Chantal Jaquet, Sub specie æternitatis - Étude des concepts de temps, durée et éternité chez Spinoza, Classiques Garnier, 2016, lu par Eric Delassus

Quels sont les rapports entre la durée et l’éternité dans la pensée spinoziste ? Le livre de Chantal Jaquet, Sub Sub specie aeternitatisspecie æternitatis – Étude des concepts de temps, durée et éternité chez Spinoza, répond à cette question en montrant et en démontrant comment l’esprit peut concevoir l’existence actuelle des choses de manière spatio-temporelle selon la durée et sub specie æternitatis.
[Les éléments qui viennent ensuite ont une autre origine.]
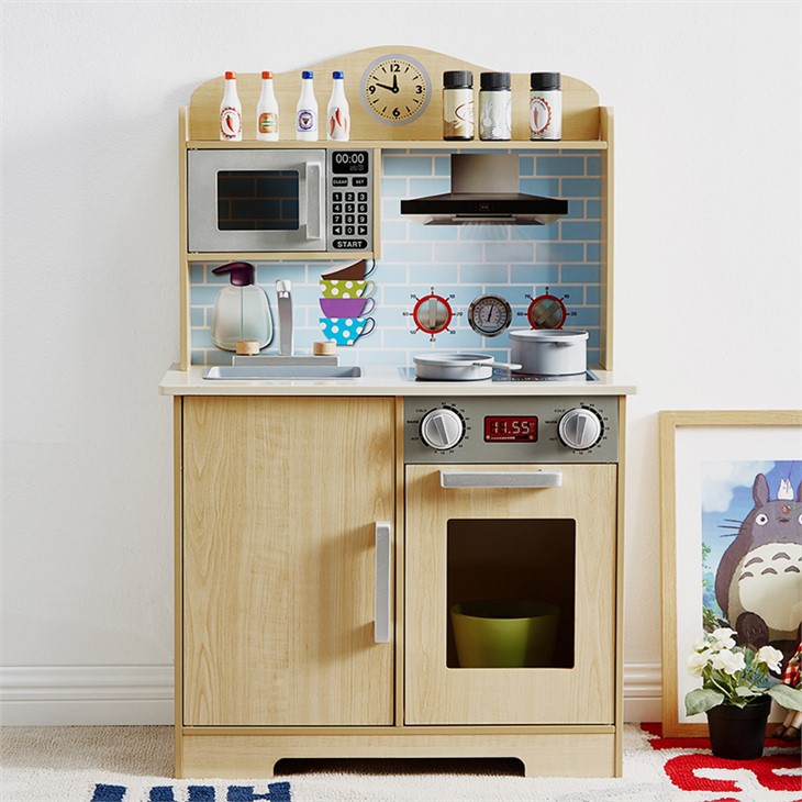 Tämä sarja on suosittu keittiölelumalli. Alla on suuret kaapit, kolme paistamisastiaa, kattilat, kolme kytkinnuppia, hana, pesuallas ja maustepullo.
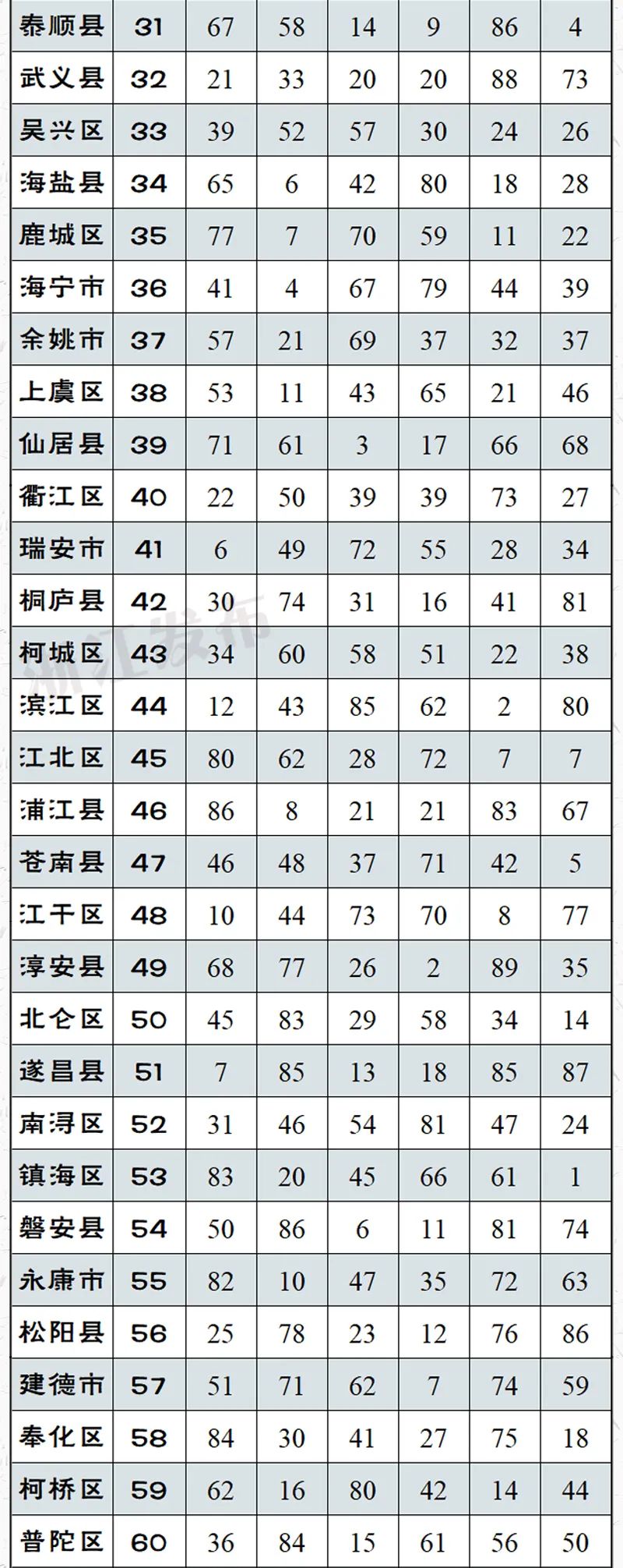 指数计算结果保留两位小数,当两地区保留两位小数后数值一致时,以实际指数值决定排序,即视小数点后几位数值大小决定排序。

La traduction de cette expression est cependant difficile et pose le problème de savoir comment les modes finis peuvent partager l’éternité avec Dieu qui existe nécessairement alors qu’eux ne jouissent que d’une nécessité d’exister. La question de l’articulation entre durée et éternité est donc abordée ici comme une porte d’entrée pour mieux comprendre le rapport entre la substance et ses modes. Cette question n’est pas sans incidences sur le plan éthique puisqu’elle permet de mieux comprendre le rapport entre les lois éternelles et les enseignements temporaires de la religion, ainsi que la nature du lien entre la joie, qui s’inscrit dans la durée en tant que passage d’une perfection moindre à une perfection plus grande, et la béatitude qui est la perfection même et provient de l’accès à l’éternité par la puissance de l’entendement.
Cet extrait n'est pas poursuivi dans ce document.